A bodyless voice said, “Madam, may we offer you breakfast? We are proud of our Harvest Brunch: a lavish bowl of assorted fresh fruits; a tray of cheeses; a basket of freshly baked hot breads, crisp breads, and soft breads with jams and jellies and syrups and Belgian butter. Basted baby barlops
en brochette
; drawn eggs Octavian; smoked savannah slinker; farkels in sweet-sour; Bavarian strudel; your choice of still and sparkling wines, skull-buster Strine beer, Mocha, Kona, Turkish, and Proxima coffees, blended or straight; all served with—”

I repressed a gagging reflex. “I don’t want breakfast!”
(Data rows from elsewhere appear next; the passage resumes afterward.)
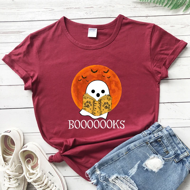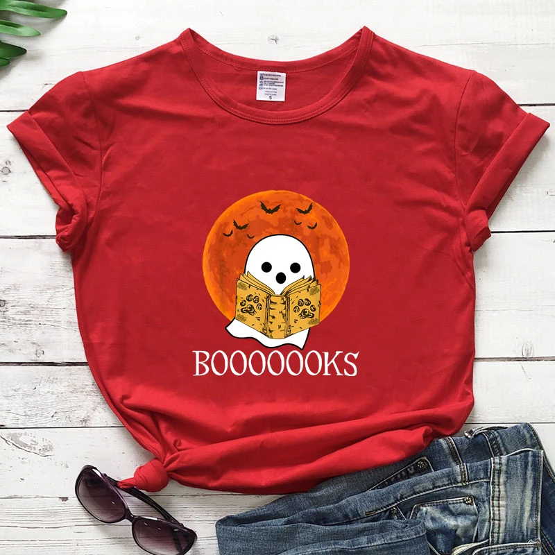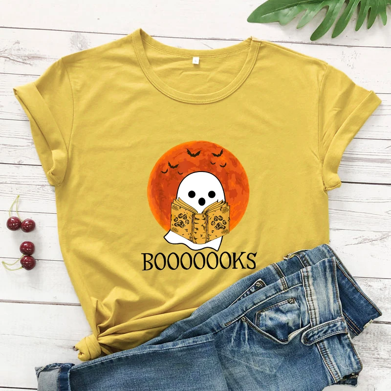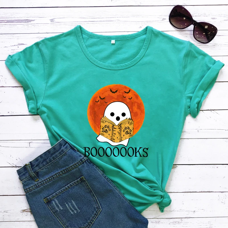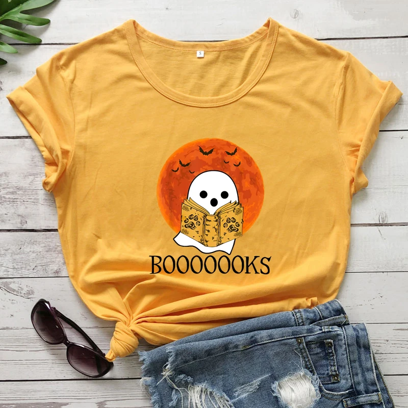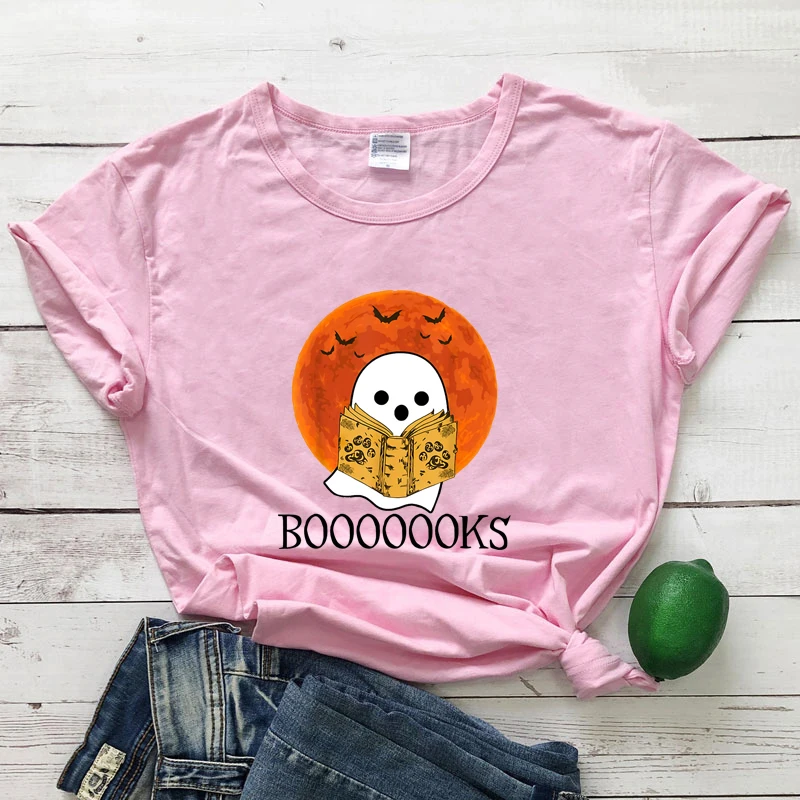 Цветная футболка booooks, ужасная футболка с изображением призрака, книги для чтения, милая Женская Осенняя футболка для Хэллоуина и вечеринки
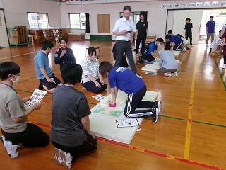 6月12日(水)、三松中学校の先生方とともに、全職員で救急救命講習を行いました。講師として小林中央消防署の皆様におこしいただきました。講習会では心臓が止まったときの体に起こる影響のメカニズムや心肺蘇生法を行う意義等の理論面の説明、胸骨圧迫(心臓マッサージ)の仕方やAEDの使い方等の技能面も含め、丁寧に教えていただき、実技指導もしていただきました。「いざという時のために」知識と技能を学ぶことができました。講習の最後にみた動画(AEDや心肺蘇生法を行わなかったために亡くなった子どもの事例)には涙がでました。学校ではもうすぐプール開きが行われ、これから本格的に水泳シーズンを迎えます。事故のないよう安全に気をつけながら授業を行うとともに、もしものときは、本日の講習をいかして、迅速かつ的確に対処したいと思います。
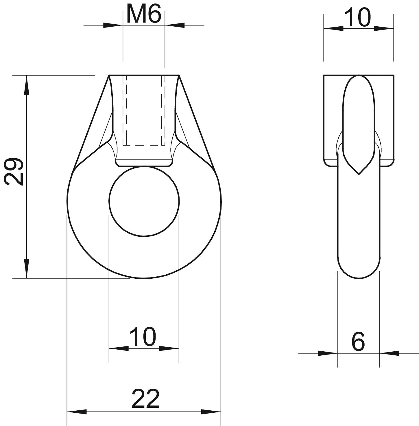 Диаметр d 10 mm Длина резьбы 13 mm Материал Литье из цинкового сплава под давлением Метрическая резьба 6 Поверхность гальванически оцинкованный Размер M6 Размер b 6 mm Размер BØ 10 mm Размер D 22 mm Размер L 29 mm Разрушающая нагрузка 1,15 kN Углеродный след CO2 (GWP) от колыбели до ворот 0,0576 кг CO2e / 1 Шт. - Все виды

“Perhaps Madam would enjoy our Holiday Eyeopener: your choice of fruit juice, a roll hot from our oven, your choice of gourmet jams or jellies, your choice in a filling but nonfattening hot cup. Served with the latest news, or background music, or restful silence.”

“I don’t want to eat!”

The voice answered thoughtfully, “Madam, I am a machine programmed for our food and beverage services. May I switch you to another program? Housekeeping? Head porter? Engineering?”

“Get me the manager!”

There was a short delay. “Guest services! Hospitality with a smile! How may I help you?”

“Get me the manager!”

“Do you have a problem?”

“You’re the problem! Are you a man, or a machine?”

“Is that relevant? Please tell me how I can help you.”